Rodeada de una expectación desmesurada, vinculada irremediablemente al episodio que protagonizó hace tres años en Tokio, Simone Biles llegó a París cargada de desafíos y se va con casi todos cumplidos, con cuatro medallas más y mirando por encima del hombro, desde sus 147 centímetros, a quienes la acusaron de floja.
Sus tres oros de las primeras jornadas no tuvieron este lunes el colofón que ella hubiera deseado: una ampliación hasta cinco de su cuenta.
Pero sus errores en la barra, en la que se cayó y fue quinta, y en el suelo, en el que ganó la plata tras salirse en dos diagonales, no hacen sino subrayar su grandeza: solo cuando falla ella, las demás tienen opción.
Su vulnerabilidad la humaniza y la acerca a sus rivales, que la admiran no solo por sus méritos deportivos.
Muestra de ello fue que se inclinó frente a la brasileña Rebeca Andrade en el podio para reconocerle el oro que se llevó en la modalidad de suelo.

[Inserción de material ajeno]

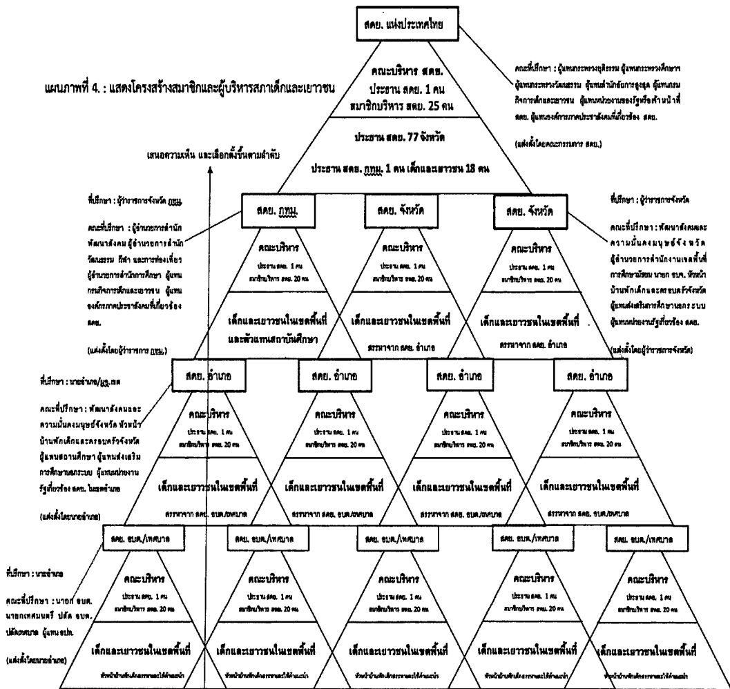
แผนภาพที่ 3 : แสดงโครงสร้างสมาชิกและผู้บริหารสภาเด็กและเยาวชน ตามส่วนที่ 1 สภาเด็กและเยาวชน พ.ร.บ. ส่งเสริมการพัฒนาเด็กและเยาวชนแห่งชาติ พ.ศ. 2560 (ฉบับที่ 2)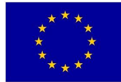
Euroopa Liit Euroopa Sotsiaalfond

Teadlike valikute tegemise audiovisuaalse õppematerjali loomist rahastati Euroopa Liidu struktuurivahenditest, meetme „Õppe seostamine tööturu vajadustega“ tegevuse „Ettevõtlikkuse ja ettevõtlusõppe süsteemne arendamine kõigil haridustasemetel“ taotlusvoorus „Koolide, kogukonna ja ettevõtjate koostöö toetamine ettevõtlusõppe praktilisemaks muutmiseks”.

Entre medalla y medalla, en París tuvo tiempo de lanzar algunos sopapos bien dirigidos: uno a Donald Trump, tras mostrarse orgullosa de hacer “un trabajo de negra” (rápido recibió un ‘me gusta’ de Lebron James) y otro a la prensa, que ha diseccionado cada uno de sus gestos y a la que pidió que levantase el pie del pedal.
“Eh, chicos, tenéis que dejar de preguntar a los deportistas qué viene después de ganar una medalla. Dejadnos disfrutar del momento por el que hemos trabajado toda nuestra vida”, pidió en sus redes sociales.
También se extrañó de que sus críticos estuvieran “muy callados” tras sus éxitos en París.
“¡Qué raro!”, dijo con ironía.
¿Puede tener críticos alguien como Simone Biles?
Por increíble que parezca, una deportista que fue abandonada por su madre, que pasó parte de su infancia en una casa de acogida, que sufrió abusos por parte del médico Larry Nassar y que pese a ello se convirtió en la mejor gimnasta de la historia, también tiene detractores. Desde los racistas hasta los odiadores que estimaron que su retirada de los Juegos de Tokio, bloqueada por una crisis de salud mental, era una cobardía.
Tras aquello, Biles abandonó la competición durante dos años y aún hoy sigue en terapia. No hay comparecencia pública en la que no se le pregunte por su salud mental. De tema tabú a tema omnipresente. Una nueva presión para ella.
Pero las condiciones físicas privilegiadas de la siete veces campeona olímpica se impusieron a todo en París. Condujo a Estados Unidos al título por equipos, ganó el concurso completo y ganó la finales de salto. Plata en suelo y final en barra. Ocho años después de Río 2016, ya con 27 y con el peso de todo lo vivido en los últimos tres. Y sin acusar los meses de inactividad.
Sus enemigos, ocultos tras el anonimato de las redes, no la vieron triunfar en París. Bercy fue, por el contrario, una concentración de fans de Biles, que celebraron cada salto, cada serie, cada pirueta. Entre ellos, las tres personas más importantes de su vida: sus padres Ron y Nellie y su marido Jonathan Owens, el jugador de la NFL que interrumpió su pretemporada con los Bears para volar a Francia y verla competir.
Por las gradas pasaron Nadia Comaneci, Tom Cruise, Ariana Grande, Snoop Dogg, Serena Williams… nadie quiso perderse la fiesta de exaltación de Biles. Los Juegos han sido suyos, casi siempre en el triunfo y también en la derrota.